Serena and three meat-eaters taste-tested the Herbivorous Butcher meals, and the Korean barbeque ribs were surpassingly the group favorite. A Heavy Table review of the Herbivorous Butcher Korean ribs was also universally positive: “The result was one of the better rice bowls we’ve made in recent years, the protein uniformly clean and light in texture and rich with sweet, tart, and nutty (think sesame) flavors. The ease of preparation and consistency of the protein means that we will go back for more of this delightful stuff just for stir-fry and rice bowl use.” Dave Domingues would likely be unsurprised by the positive reviews; Korean barbeque ribs after all are heavily flavor dependent and can rely on good flavor to overcome texture challenges.
The Italian sausage gnocchi, true to Aubry’s word, was also received positively and got the highest vote for texture from the meat-eaters, likely because the processed texture is easier to replicate than flesh-y ribs or crumbly chorizo. The chorizo tacos received by far the lowest ratings from both Serena and the meat-eaters. Their after-taste was particularly disliked, and they had a texture that was stringier and less crumbly than traditional Spanish or Mexican chorizo.

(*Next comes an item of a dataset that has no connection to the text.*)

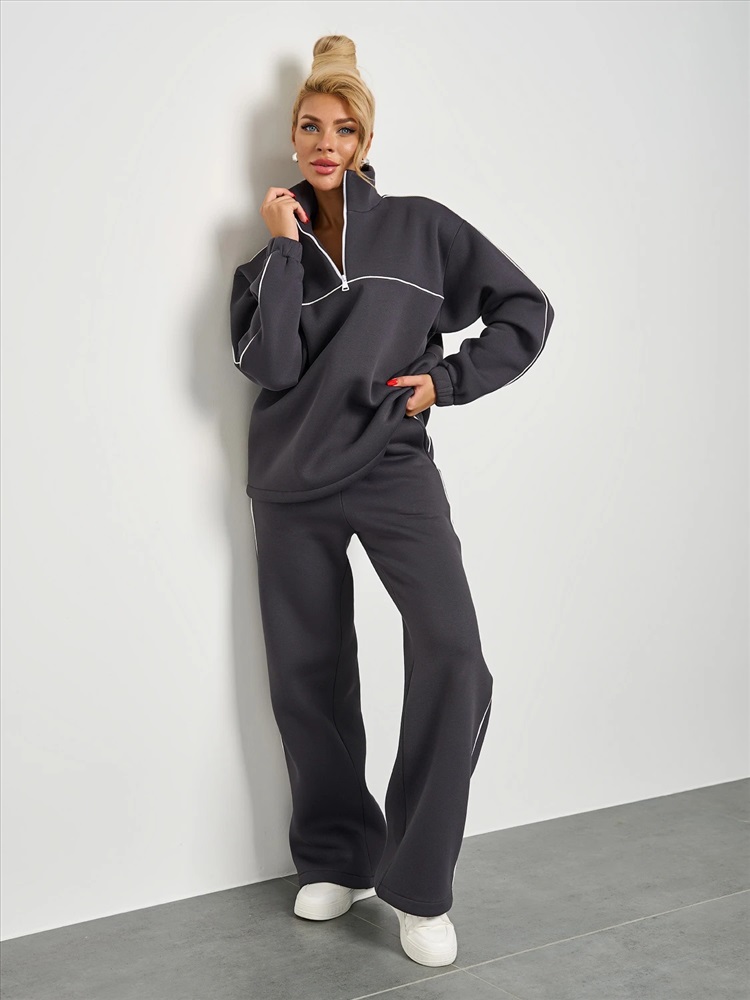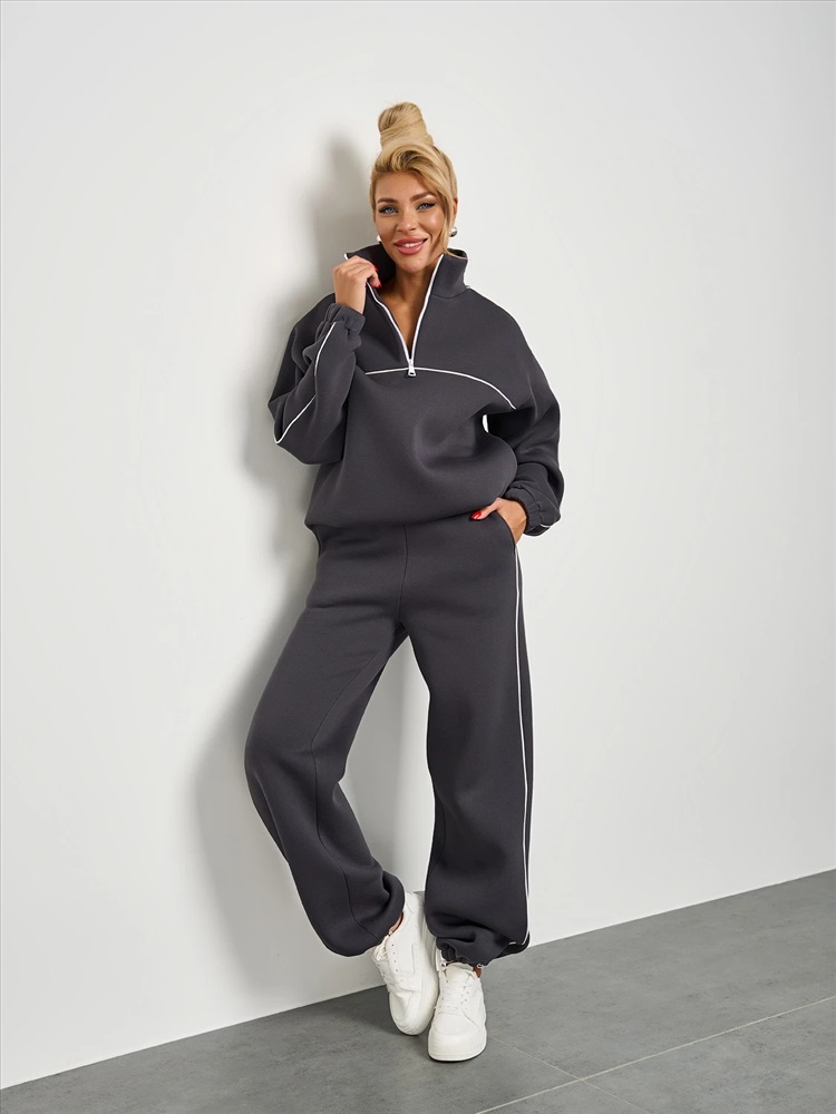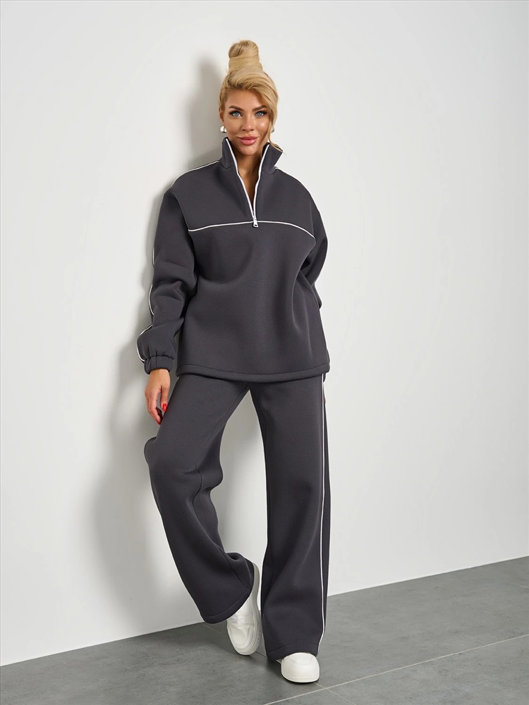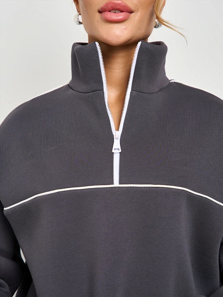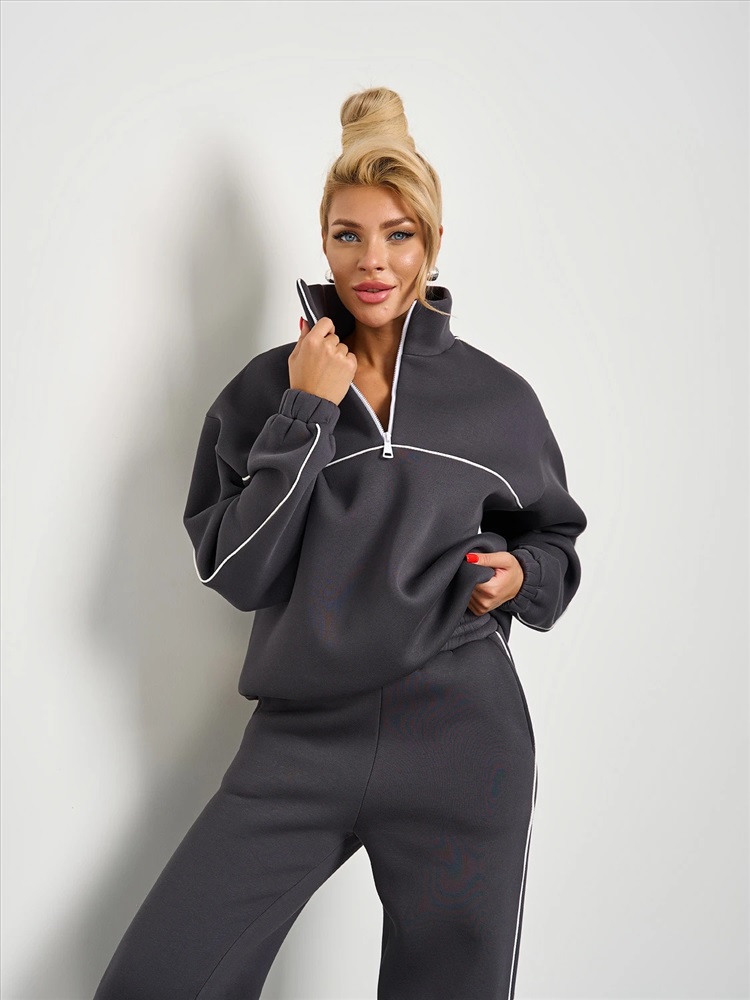 По переду изделия и вдоль рукава выполнена отделка декоративным контрастным кантом. Линия плеча спущенная. Длинный рукав на манжете и резинкой внутри манжета. Воротник - стойка на молнии. По низу иделия вставлена резинка с регулятором объема. В комплект вы можете приобрести брюки арт. 173-4. Комментарии к товару

The Walches are nowhere near creating a product that is truly indistinguishable from meat, but for those willing to branch out from carnivorous eating, Herbivorous Butcher presents a worthwhile alternative.
A plaque outside the Herbivorous Butcher shop reads: “dedicated to our great planet, all the creatures that inhabit it, and all those that protect them.” Over the centuries, people have eaten and produced meat alternatives because of religious beliefs, environmental and health concerns, financial considerations, and animal rights motivations. Aubry and Kale Walch aren’t picky about which motivation brings customers to their shop and they aren’t the first to capitalize on the trend of veganism. Regardless of the history of fake meat or the background and success of the Walches’ entrepreneurship, Bernthal-Jones is a willing convert. “I hope they grow to the West Coast,” she says after the taste-test. “Mostly because I want to try whatever weird meat they try to make next.”